Er is één God, maar hij heeft verschillende kan­ten. Het belangrijkste dat we over God kunnen zeggen is dat hij verbonden is met mensen. Daarom wordt er in de Bijbel verteld over die ene God die met zijn mensen optrekt. Steeds op­nieuw gaat het in de Bijbel over mensen die zich met God bezig­hou­den en God die zich met mensen bezighoudt. Over en weer en steeds maar weer. En tegelijk blijft God in al die bijbelse verhalen een raadsel, een wonder, een myste­rie. Hoe verbonden mensen zich in de Bijbel ook met God voelen, behalve Mozes is er in de Bijbel geen verhaal van iemand die de heerlijkheid van God mag zien. Maar Gods gelaat kan Mozes niet zien, want niemand die Gods gelaat ziet, kan in leven blijven. God blijft ondanks zijn voortdurende aanwezig zijn altijd anders dan mensen.
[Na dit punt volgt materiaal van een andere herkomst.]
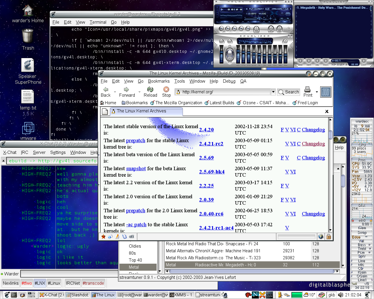Linux What is Linux? Linux is an operating system that was initially created as a hobby by a young student, Linus Torvalds, at the University of Helsinki in Finland. Linus had an interest in Minix, a small UNIX system, and decided to develop a system that exceeded the Minix standards. He began his work in 1991 when he released version 0.02 and worked steadily until 1994 when version 1.0 of the Linux Kernel was released. The current full-featured version is 2.6 (released December 2003) and development continues. And what's the best thing about Linux? IT'S FREE!!! You can download it from the internet or buy a cheap (few bucks) copy or buy a complete boxset with more programs included in it. But first you have to decide on a Linux distribution, i.e. a combination of the Linux kernel (the core of the operating system) and 1000's of applications/games/etc. offered by different companies. For newbies I would recommend distributions such as Mandrake, RedHat or SuSe. You may also want to explore the different Linux Distributions and choose one or you may build your own (not a recommended option for newbies). For more information about Linux visit http://www.linux.org/ Here's a screenshot.Already using Linux? If you already use Linux and have any questions/problems with it or just want to say hello, drop by on irc (see the contact section for details). Also get counted today! And finally if you're not sure how to pronounce Linux click here (Linux people "cat english.au > /dev/dsp", Windows users use Winamp) .

Ook in de tijd na de Bijbel is er geen priester en geen dominee, geen paus en geen mysticus die zal durven beweren dat zij of hij God gezien heeft. En toch getuigen ze van zijn aanwezigheid. Toch zeggen heel velen dat God werkelijk onder ons aanwezig is. Dat onze God een God is die zich met mensen bezighoudt.
Het is dezelfde God waar wij nog steeds naar uitzien, omdat we hopen dat de God ons tot steun wil zijn in de momenten dat we het moeilijk hebben. Ook al laat God zich voor ons mensen niet altijd even makkelijk kennen. Het kan moeilijk voor ons zijn als God ver weg lijkt.
Maar Hij is niet de grote probleemoplosser. Mensen kunnen zich door God in de steek gelaten voelen. Juist op momenten dat ze het moeilijk hebben, lijkt God soms verder weg dan ooit. Waarom is hij er juist nu niet, waarom kan ik, juist nu ik hem zo nodig heb, niet bidden? Ik heb toch mijn hele leven in hem geloofd, waarom is hij dan nu zo ver weg? Het zijn vragen die mensen zich kunnen stellen op momenten dat ze zich alleen en in de steek gelaten voelen. Waarom is God juist nu niet bij mij?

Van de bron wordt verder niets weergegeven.